November 08, 2012

The perils of performance when you always have a cold

Like the dancer-from-birth who says things like 'I can't quite remember when I started dancing. Must have been before I walked.' to interviewers, I could have boasted similarly about my cold. Sadly, my sharp memory for trivia doesn't let me weave subtle fiction, and as a consequence, I know exactly when I started sniffling for life.

I was in the ninth grade and was just over the traumatic experience of getting dental braces. There was a sign in my orthodontist's clinic that said 'I <3 my dentist'. I would stare at it with great malevolence, willing it to metamorphose into 'I HATE my dentist.' In general, with steel wires and vaccines and injections in the gums, it was a bad time to be my doctor.

In the days before I succumbed to the joys of tissue paper, there was a steady assembly line of handkerchiefs that had to be washed and ironed to receive their daily dose of...well, snot. As far as my relations with people went, I was heartbroken when my desk partner and very good friend stopped talking to me because I blew my nose and finally went to sit at another desk. It was hard to comprehend that a cold could come in the way of a seemingly unbreakable friendship. I remember spending much time mulling over this abandonment, but then it was heartening because there were others who didn't think they had to stop talking to me because I had a cold.

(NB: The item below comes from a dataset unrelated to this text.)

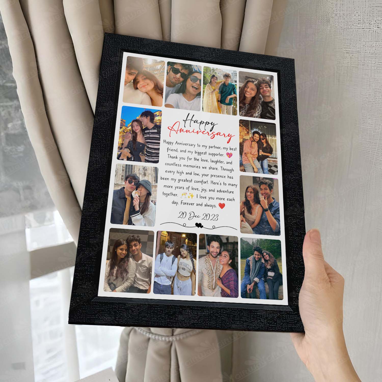 • Customised for Love: Create a personalised photo frame with 12 images and special text to celebrate your anniversary.

And for a few years after this, all was well and I didn't think much of my cold. Having a constant cold doesn't mean I am blowing my nose all the time; it is sporadic like the cool breeze from the Malaya mountains; not as pleasant though. I was, however, constantly apologetic about my nose and its infinite sonic possibilities. Uncertain people were assuaged and comforted by my self-deprecating humour about the 'foghorn'.

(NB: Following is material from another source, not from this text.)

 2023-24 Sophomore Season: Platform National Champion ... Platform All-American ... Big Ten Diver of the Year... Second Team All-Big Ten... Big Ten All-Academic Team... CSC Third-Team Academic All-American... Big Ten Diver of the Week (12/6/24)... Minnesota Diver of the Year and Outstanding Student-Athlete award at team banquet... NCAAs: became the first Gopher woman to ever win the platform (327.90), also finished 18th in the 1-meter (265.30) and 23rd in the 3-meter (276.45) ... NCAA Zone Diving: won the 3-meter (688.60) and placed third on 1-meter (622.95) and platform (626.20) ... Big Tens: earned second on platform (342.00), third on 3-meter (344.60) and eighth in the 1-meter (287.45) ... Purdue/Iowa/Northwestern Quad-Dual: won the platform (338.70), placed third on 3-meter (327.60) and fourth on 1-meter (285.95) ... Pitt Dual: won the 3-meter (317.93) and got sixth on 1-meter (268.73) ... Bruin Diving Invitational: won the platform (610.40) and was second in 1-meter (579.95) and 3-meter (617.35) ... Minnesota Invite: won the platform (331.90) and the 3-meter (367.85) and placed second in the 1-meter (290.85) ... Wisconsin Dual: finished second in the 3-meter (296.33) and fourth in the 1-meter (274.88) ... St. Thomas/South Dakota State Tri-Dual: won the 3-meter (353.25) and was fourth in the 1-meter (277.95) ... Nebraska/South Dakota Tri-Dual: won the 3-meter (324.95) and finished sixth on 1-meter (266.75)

When I danced, if I had a bad cold, this meant tucking a wisp of tissue paper into my costume. I have no idea how I actually would have handled blowing my nose on stage.

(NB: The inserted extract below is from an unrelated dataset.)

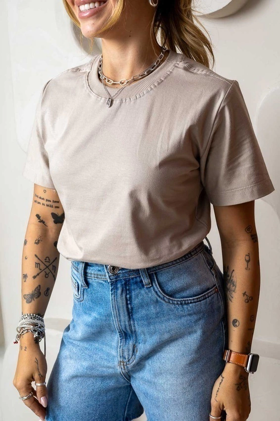 tshirt com modelagem tradicional de camiseta gola''O'' com gola em ribana canelada e costura ombro a ombro.

Krishna: Your beautiful face resembles the crescent moon; it is time for lurve.
Radha: Yes, what a lovely time for lovers and what a sad time for those who are all alone. Let us dance and frolic until next spring. But, wait a minute, I have to blow my nose.

So as you see, prevalent narrative trends in Indian classical dance are not very favourably disposed towards common cold.

Eventually, I met people who didn't seem bothered by my decibel-busting act. A friend I was having dinner with was puzzled when I kept running out of the room or turning away to blow my nose. When I actually started looking around me while blowing my nose, I discovered lots of people who didn't flinch. It was a wonderful thing to know, really.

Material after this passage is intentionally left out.